Creating Datasets

A dataset represents a dataset in your data warehouse. Rakam automatically creates datasets from your dbt models, sources, and seeds. You can also semantically define your datasets as SQL using our view resource in a semantic way.

A dataset has three important properties:

dimension lets you drill down into the dataset, it can be used to filter query results. It can be either a column in your table or a SQL expression that processes a single row and returns a value.

measure is a field that uses a SQL aggregate function, such as count, sum, or average. Measures can be used to aggregate dimensions. For example, measures for a Sales model might include total items sold (a count), total sales price (a sum), and the average sales price (an average).

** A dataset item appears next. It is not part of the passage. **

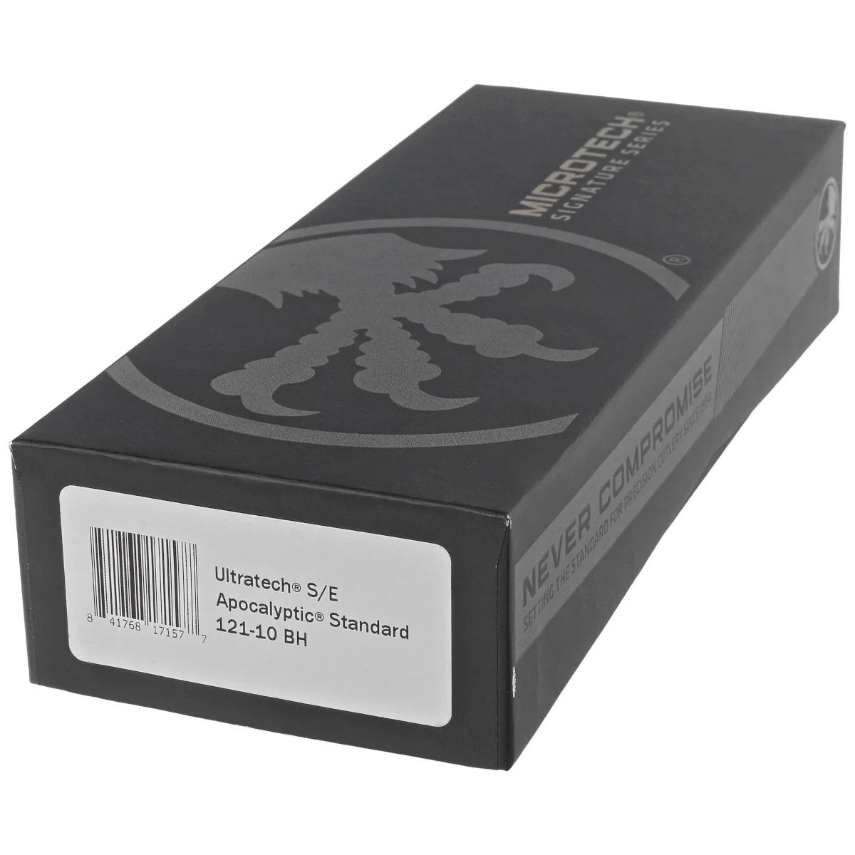 Ultratech OTF Line - Microtech 's flagship model of the OTF line, which set the standard for all Out The Front knives. Ultratech 's proprietary trigger spring design, which remains in the “resting” position at all times, except when used. This prevents the spring from fatigue, reducing wear and tear on the internal trigger mechanisms which ensures that the knife will always function effectively. The light weight, the ability to open and close with one hand, the slim shape of the Handle and the sharp blade make it a one-of-a-kind knife, available only from Microtech.

relation defines a join in between the datasets. Rakam automatically generates SQL join logic to bring in all fields from another dataset correctly then the user analyzes a specific dataset.

Rakam makes use of dbt as the data modeling language by extending dbt for metric definition. Your dbt projects can be integrated to Rakam via GIT and we automatically synchronize the dbt models, seeds, and sources. However; dbt doesn't know about business metrics (aka. measures) so we have an additional field that will be used inside yml files.

Integrate dbt models

You can map your columns as dimensions and measures under the meta property of columns as follows:

models:
 - name: customers
   columns:
     - name: country_code
       meta:
         rakam.dimension:
           type: string
     - name: city
       meta:
         rakam.dimension:
           type: string
     - name: total_customers
       description: total number of customers defined as count(*) in sql
       meta:
         rakam.measure:
    	    aggregation: sum

In addition to column mapping, you can also create custom measures and dimensions by defining them under meta of the model:

models:
  - name: customers
    meta:
      rakam:
         measures:
            total_rows:
               aggregation: count
         dimensions:
            full_location:
	            sql: CONCAT({{TABLE}}.country, {{TABLE}}.city)   
	            type: string

You can see the full list of properties that you can use under model.meta and column.meta here.

Mapping sources as models

In case you want to create models that point to tables in your database, you can make use of dbt's source properties as follows:

sources:
  - name: raw_events
    tables:
      - name: pageview
        meta:
          rakam:
             measures:
                total_pageviews:
                aggregation: count
        columns:
          - name: url
            meta:
              rakam.dimension:
                type: string

If you're analyzing the time-series data, you can also define mappings so that Rakam understands your data in a better way and lets you access specific features such as funnel and retention:

models:
  - name: events
    meta:
      rakam:
	      mappings:
	        event_timestamp: event_occurred_at
	        userId: user_id

Integrating seeds into your models

Exposing your seeds to the end-users

Since seeds are usually used to enrich the data, we don't create models from seeds by default. However; you can expose them to the end-users if you enable the seeds to have appeared in dbt docs:

seeds:
  - name: countries
    docs:
      show: true
    meta:
      rakam:
        measures:
        #
    columns:
      - name: iso_code
        meta:
          rakam.dimension:
      - name: user_friendly_name
        meta:
          rakam.dimension: 
            type: string
models:
  - name: pageviews
    columns:
      - name: country
        tests:
          - not_null
          - relationships:
              to: ref('countries')
              field: iso_code
              rakam: # Includes info about the relationship
                   join: left_join 
                   type: many_to_many

Rakam automatically creates the relation from pageview to a hidden countries model so that the users can drill down by user_friendly_name when they're analyzing pageviews.

Supported tests

We make use of your dbt test definitions in order to understand your data in a better way. Here is the list of column tests we currently support:

  • unique enables Rakam to be able to calculate symmetric aggregates as there must be a unique key in a model.
  • not_null hides the is not set filter to the user in the user interface.
  • accepted_values makes Rakam suggests the values to the end-user in the user interface. It disables the automatic suggestion in favor of performance.
  • relationships automatically creates the relations between the models. We extend it with join and type properties in order to resolve the relation.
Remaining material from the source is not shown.